◆ Action item
Ignoring every picture, transcribe the data in full as it stands.

──────── Supplied data ────────

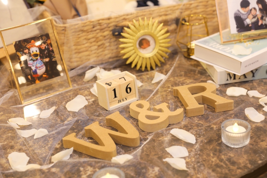 木目調のイニシャルオブジェと結婚記念日に示す飾りの周りに、白い花びらを散らして華やかに。
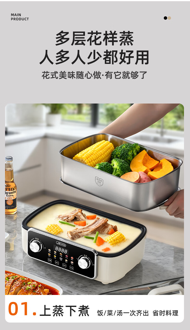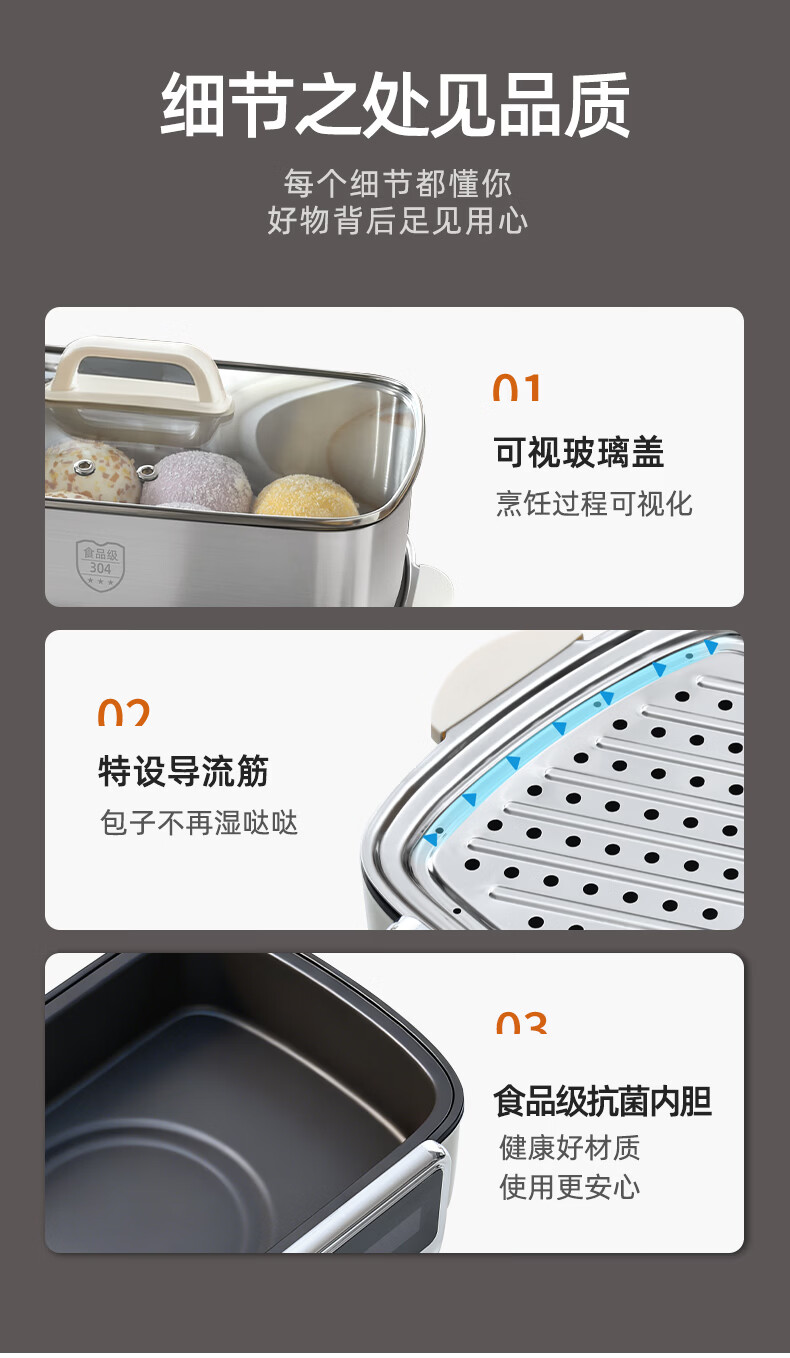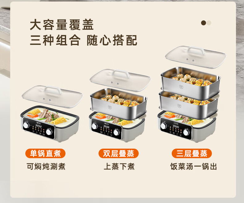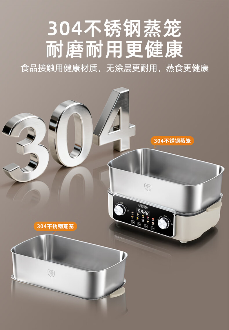 JIEXG电蒸锅炖蒸煮一体分体式不锈钢0涂层0塑大容量多功能家用电煮锅电火锅预约定时大功率 34L 三层【1500W】可预约
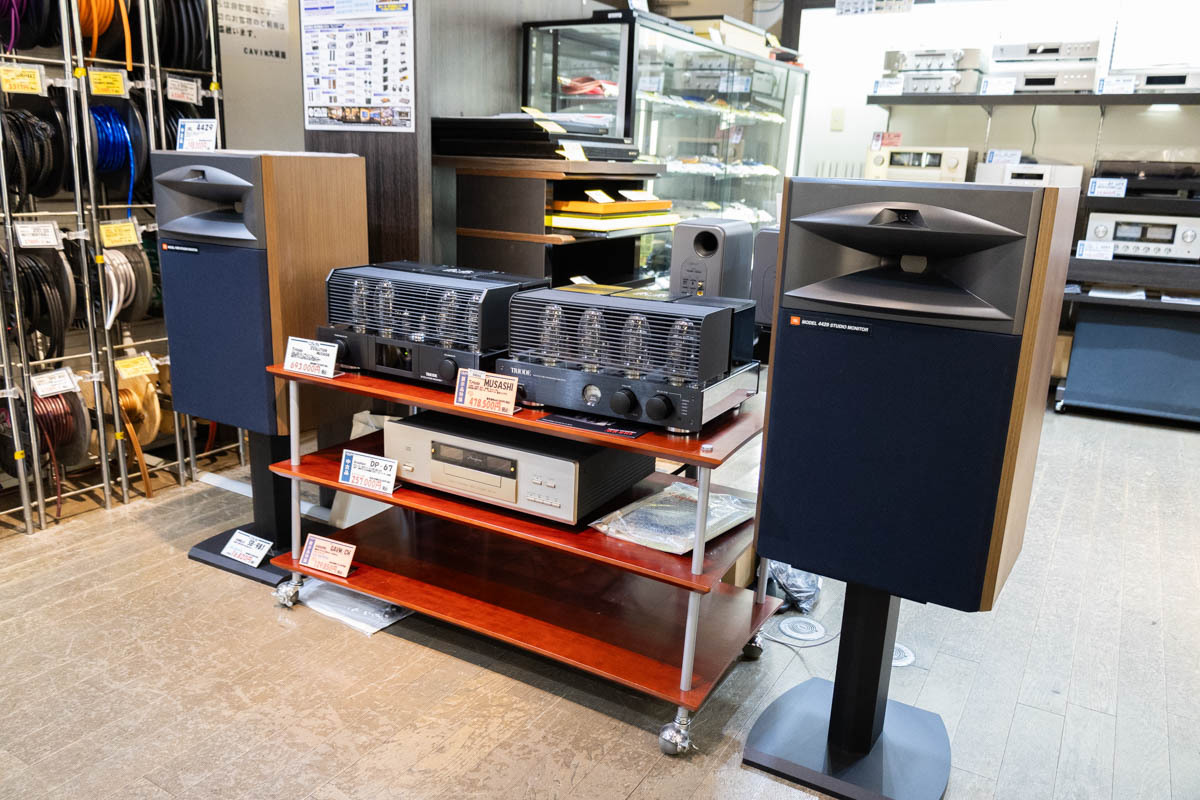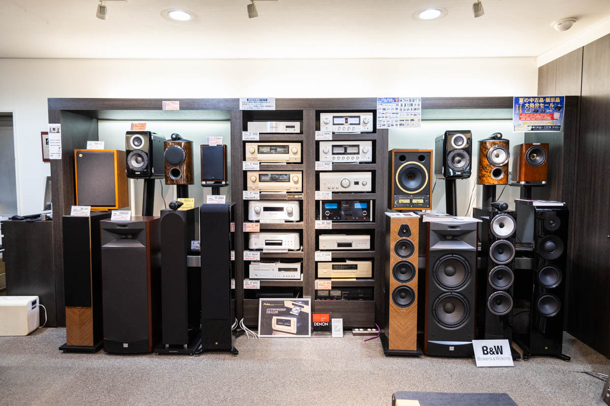 中古の製品も充実している。「うちはもう店を始めて長いですから(笑)、ほんとにいろんな中古製品が入ってきますよ」。ざっとみただけでもJBLの「4343」にタンノイ「Canterbury/GR」、Bowers & Wilkinsの800シリーズと歴代の銘機たちが並ぶ。もちろんショップ側できちんとメンテナンスして次のお客様の元にお届けする。中古製品との出会いはまさに一期一会。中古品情報はSNSでも積極的に発信されているのでこちらもぜひチェックしてほしい。

────────

◆ Exercise solution
 木目調のイニシャルオブジェと結婚記念日に示す飾りの周りに、白い花びらを散らして華やかに。
 JIEXG电蒸锅炖蒸煮一体分体式不锈钢0涂层0塑大容量多功能家用电煮锅电火锅预约定时大功率 34L 三层【1500W】可预约
 中古の製品も充実している。「うちはもう店を始めて長いですから(笑)、ほんとにいろんな中古製品が入ってきますよ」。ざっとみただけでもJBLの「4343」にタンノイ「Canterbury/GR」、Bowers & Wilkinsの800シリーズと歴代の銘機たちが並ぶ。もちろんショップ側できちんとメンテナンスして次のお客様の元にお届けする。中古製品との出会いはまさに一期一会。中古品情報はSNSでも積極的に発信されているのでこちらもぜひチェックしてほしい。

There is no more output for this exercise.